Ich atmete ein paar Mal tief durch und entschloss mich dann, mich in den Heldentod zu stürzen. Wenn ich schon fast stecken blieb, dann würde ein ganz Steckenbleiben es auch nicht mehr schlimmer machen. Doch siehe da: Die Treppe hatte nebendran noch einen schmalen Weg, der vorher nicht einsehbar war. Ich kam unten an und stand vor dem Kloster!
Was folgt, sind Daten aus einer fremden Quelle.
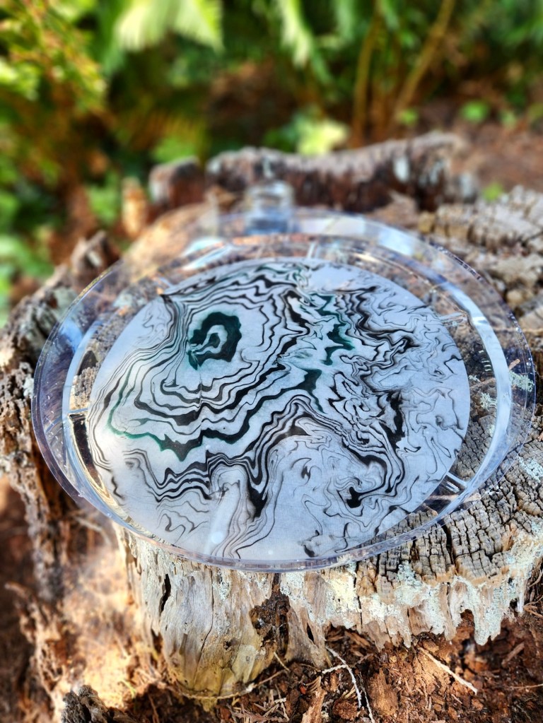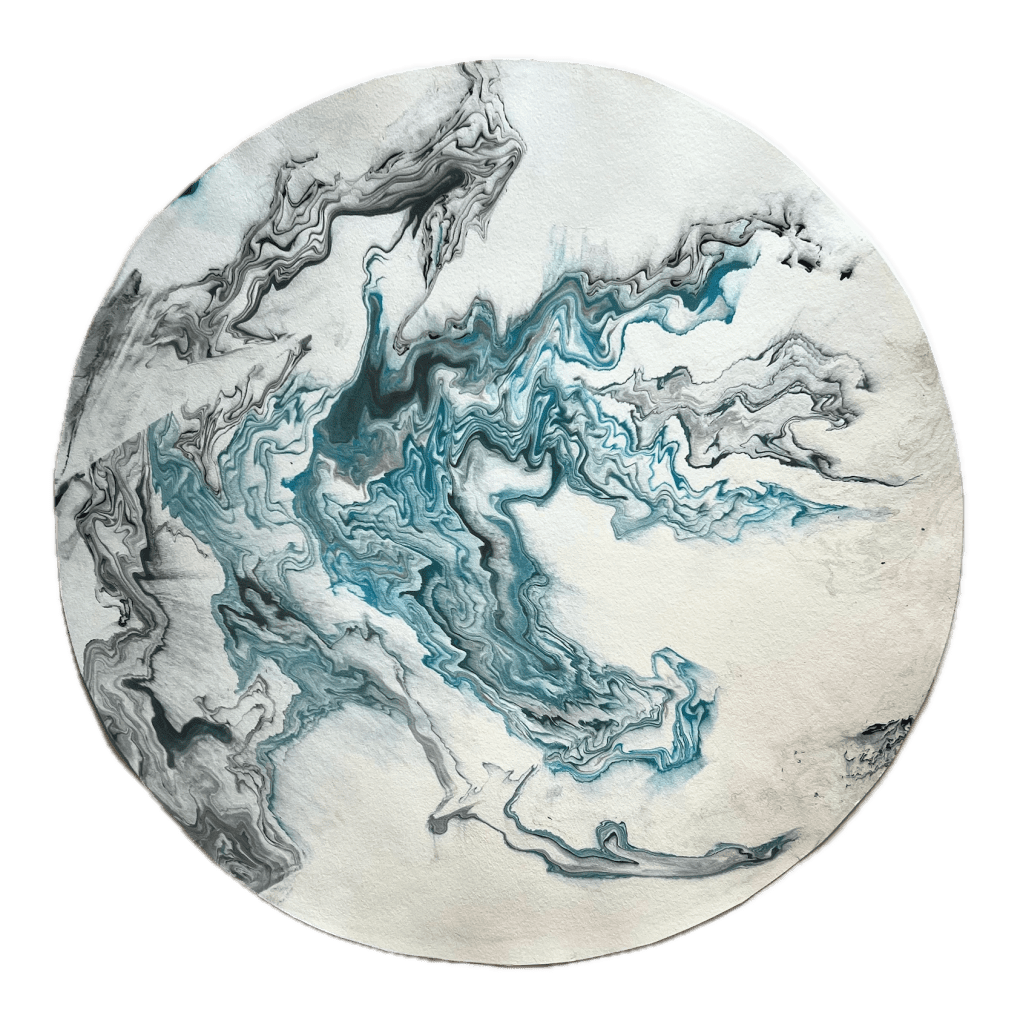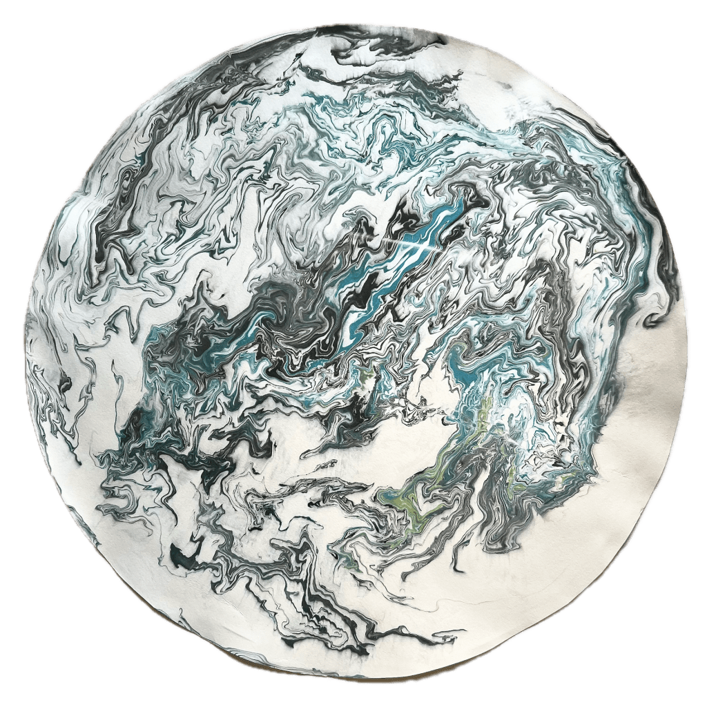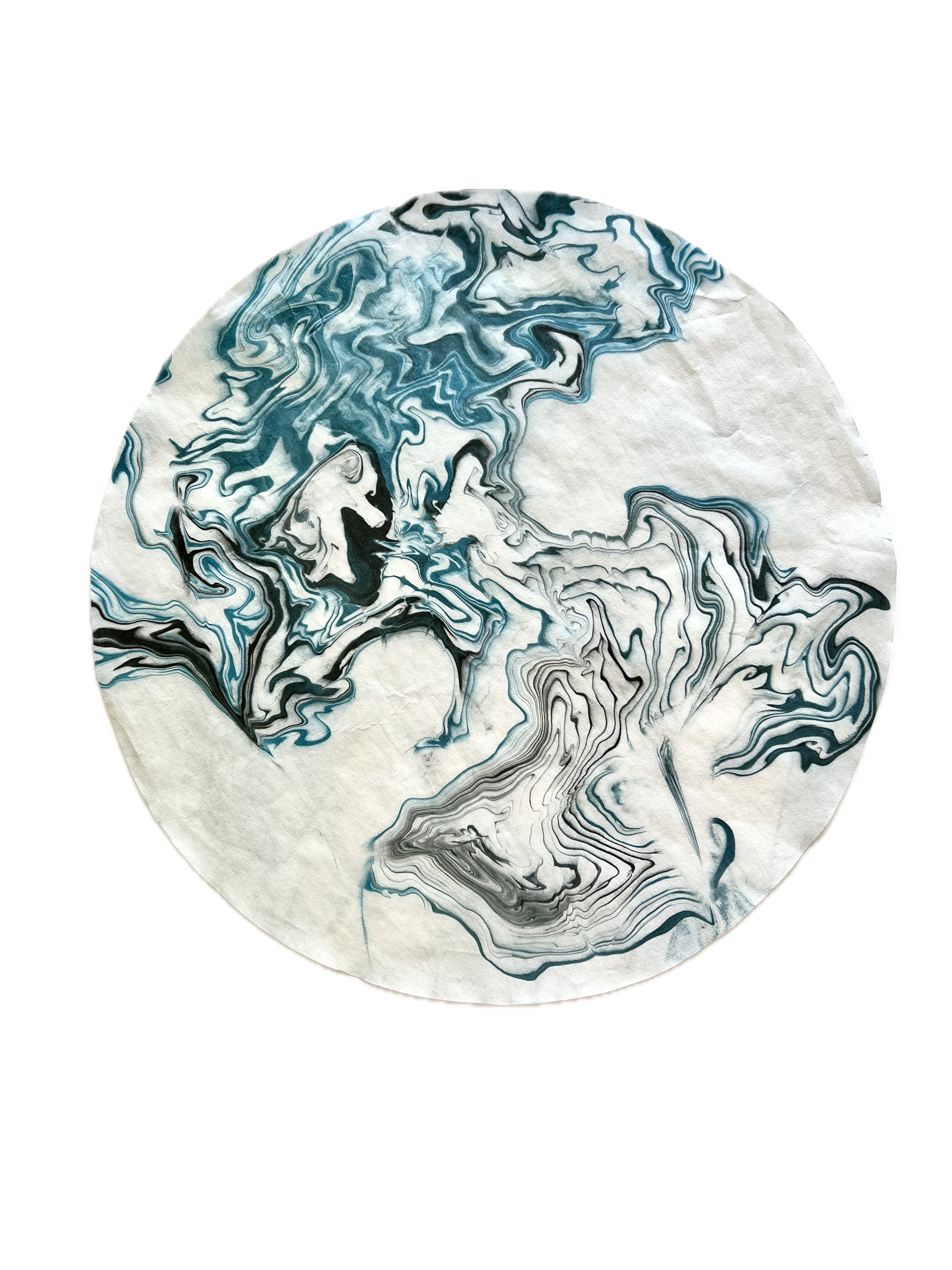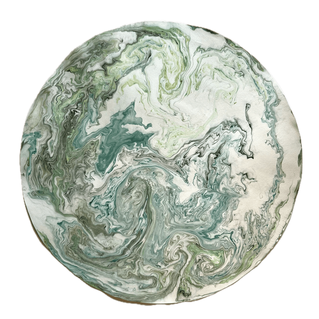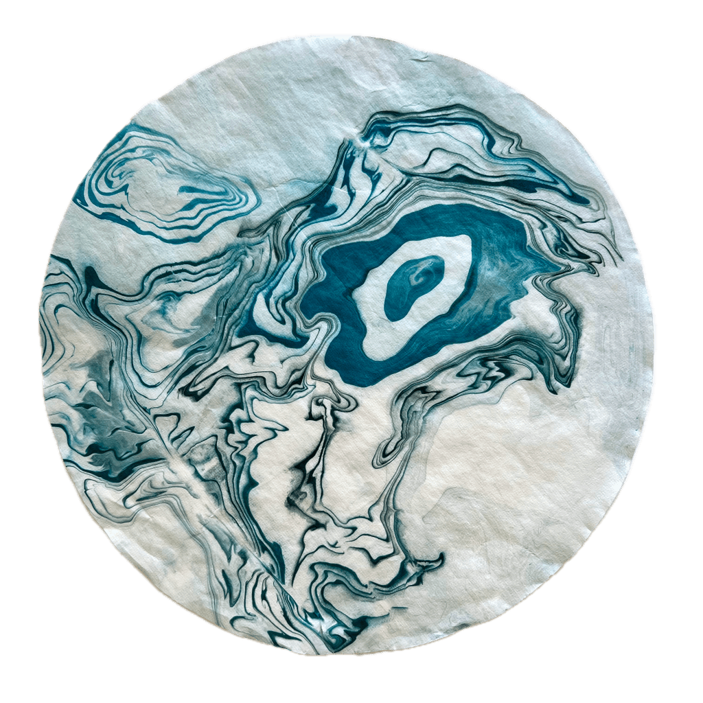 On blustery days, I work in the forest to capture these distinctive patterns of wind on water using a mind-body technique similar to an ancient art form. Suminigashi which translates to “floating ink”, was a process used in the meditation practice of monks in 12C Japan. I monoprint onto paper directly from the surface of unsettled rainwater after alternating coloured inks with bamboo brushes tips. I use this old way to be calm and present in my immediate surroundings while experiencing the atmospheric forces that impact plants .

Yuliana holte mich ab, und alle Wolken zogen auf. Drama ist immer nur im eigenen Kopf. Bestimmt wäre ich ein guter Drehbuchautor.

Relais San Francesco
Eine Gruppe freundlicher Amerikanerinnen und Amerikaner hieß mich herzlich willkommen. Wie wohl die Amerikaner sein würden? Meine Vorurteile werden ja in der Regel durch das glatte Gegenteile entkräftet. In meine Yogagruppe fanden sie ihren Präsidenten auch komisch und sie waren weit von Fast Food und Prüderie entfernt. Im Gegenteil, es war sogar schwierig, die verwöhnten Gaumen zufrieden zu stellen. Mit fast allen aus der Gruppe konnte ich eine herzliche Verbindung aufbauen. Mit jeder Verbindung prasselte eine neue Erlebniswelt auf mich ein, und nun werde ich noch einige Zeit brauchen, das Erlebte zu verdauen.
Unfassbar finde ich den Umstand, dass die zufälligen Begegnungen zwischen Liz aus London, Yuliana aus NYC und mir tatsächlich zu einer gemeinsamen Zusammenkunft führten. Richtig komplett wurde die Verbindung noch durch Isabella, Yulianas langjähriger Freundin aus München.

Von rechts nach links: Isabella, Yuliana, Liz und ich.
Außerdem öffnete Yuliana für mich einen kleinen Vorhangsspalt und ich konnte erspähen, wie anstrengend es würde, ein Yoga-Retreat mit so vielen verschiedenen Persönlichkeiten vorzubereiten, Freizeitangebote zu schnüren, alles unter einem Dach zu halten, parallel noch Yogasequenzen auszuarbeiten und bei alledem noch Spaß zu haben. Yuliana merkte man dabei keinerlei Mühe an, und auch meine angenommene Pechsträhne verblasste.
Ich bereue keine Sekunde meiner Reise.
Yuliana und Andrea, eine weitere Yogalehrerin aus NYC, machen beide herausragende Yogastunden, die mich total begeistert haben. Beide haben ihre Ursprünge im Ashtanga, was die Yogaklassen deutlich prägte. Ich freue mich schon auf das nächste Retreat, das in Europa stattfindet. Vor allem auf das Besserwerden abseits der Matte! Unendliche Dankbarkeit fließt durch meine Adern.
Ich bin kein Pechvogel – ich bin ein Glückspilz!